The safest way to operate, even beyond the strictest jurisdictions, is to standardize one fair-chance-compatible sequence and run every candidate through it identically:

  1. Do not ask about criminal history on the application or in early screening. Remove the box. Keep knockout questions focused on job qualifications, not conviction history.
  2. Make the hiring decision on the merits first, and extend a conditional offer before you run or consider a criminal background check. Sequencing the check after the conditional offer is the core of ban-the-box and keeps the rest of your new-hire paperwork flow clean.
  3. If something comes back, run an individualized assessment rather than an automatic rejection (the heart of the next section).
  4. If you are leaning toward rescinding, follow both the FCRA adverse-action steps and any local fair-chance notice-and-response requirement before you finalize.
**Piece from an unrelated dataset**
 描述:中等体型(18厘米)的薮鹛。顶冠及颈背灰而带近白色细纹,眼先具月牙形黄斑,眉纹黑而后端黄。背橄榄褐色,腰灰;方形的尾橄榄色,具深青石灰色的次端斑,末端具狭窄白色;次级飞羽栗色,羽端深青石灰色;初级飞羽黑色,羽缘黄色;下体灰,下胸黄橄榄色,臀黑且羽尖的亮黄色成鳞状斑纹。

Standardizing the sequence matters because applying it unevenly — running checks early on some candidates and late on others — is how a well-intentioned employer creates a disparate-impact problem on top of a ban-the-box violation.
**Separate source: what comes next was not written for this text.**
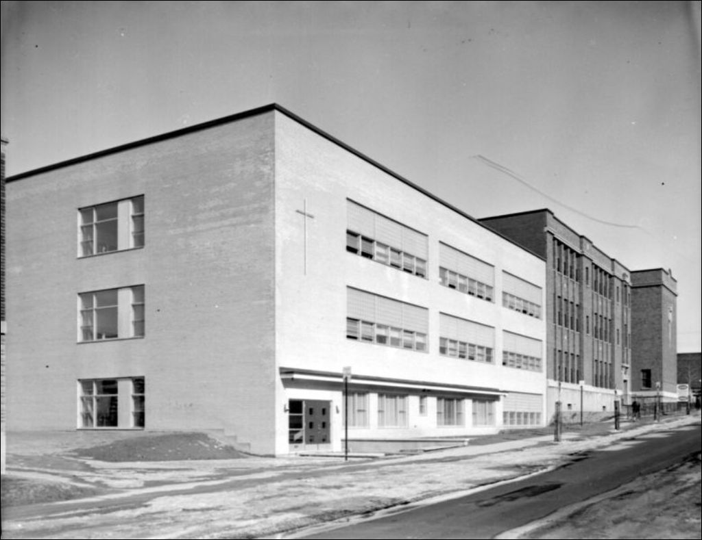Extérieur d'une école publique, [195-?], Archives nationales à Montréal, Fonds Ministère de la Culture et des Communications, (06M,E6,S7,SS1,D213136-213136), Photographe non identifié.

The individualized assessment is the heart of it

The part employers most often skip is the individualized assessment, and it is exactly the part regulators care about most. A blanket policy of "no one with any conviction" tends to screen out protected groups at higher rates and is the classic disparate-impact trap. Instead, when a record surfaces, weigh it against the job using a few well-established factors:

  • The nature and gravity of the offense. A decades-old, unrelated misdemeanor is not the same as a recent conviction directly tied to the duties of the role.
  • The time that has passed since the offense and completion of any sentence.
  • The relationship to the specific job. Is there a genuine, job-related reason this particular conviction matters for this particular role? "Handles cash," "drives for the company," and "works unsupervised in homes" are real nexus arguments; "we just would rather not" is not.
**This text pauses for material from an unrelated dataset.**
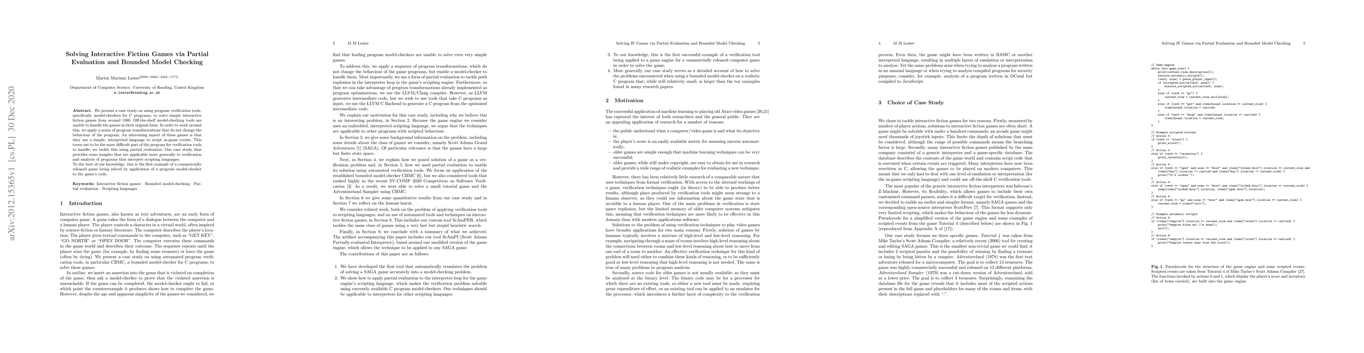 Researchers used program verification tools to solve simple interactive fiction games from 1980 by applying transformations and partial evaluation, providing insights into verifying programs that interpret scripting languages.

Give the candidate a chance to provide context — evidence of rehabilitation, the circumstances, references. Several fair-chance laws require this individualized step and a written record of it. Document the reasoning the same way you document any other hiring decision under your records-retention discipline, because if it is ever questioned, "we considered these factors and decided X for this role" is a defensible position and "the box was checked, so no" is not.

A few traps specific to small employers

  • Arrests are not convictions. Relying on an arrest that never led to a conviction is a recognized way to create discriminatory impact; focus on convictions and pending charges only where job-related.
  • Coverage thresholds and exemptions vary. Some ban-the-box laws apply only above a headcount, and some roles (positions legally barred to people with certain convictions, jobs requiring specific clearances) are exempt — but do not assume an exemption applies without checking.
  • Do not improvise it from a templated application. Generic application templates still ship with the conviction box. If you use one, strip the box and move the inquiry to the post-offer stage rather than leaving the default in place.

The bottom line

Ban-the-box and fair-chance laws do not take criminal history off the table — they put it in its proper place: after a conditional offer, weighed individually against the actual job, with the candidate given a chance to respond and the FCRA adverse-action steps layered on top. Strip the conviction box from your application, decide on the merits first, run the check late, do a real individualized assessment, and document your reasoning. That single standardized sequence satisfies the most demanding jurisdictions and protects you everywhere else — and when a specific state or local rule is unclear, that is the point to confirm with counsel rather than guess.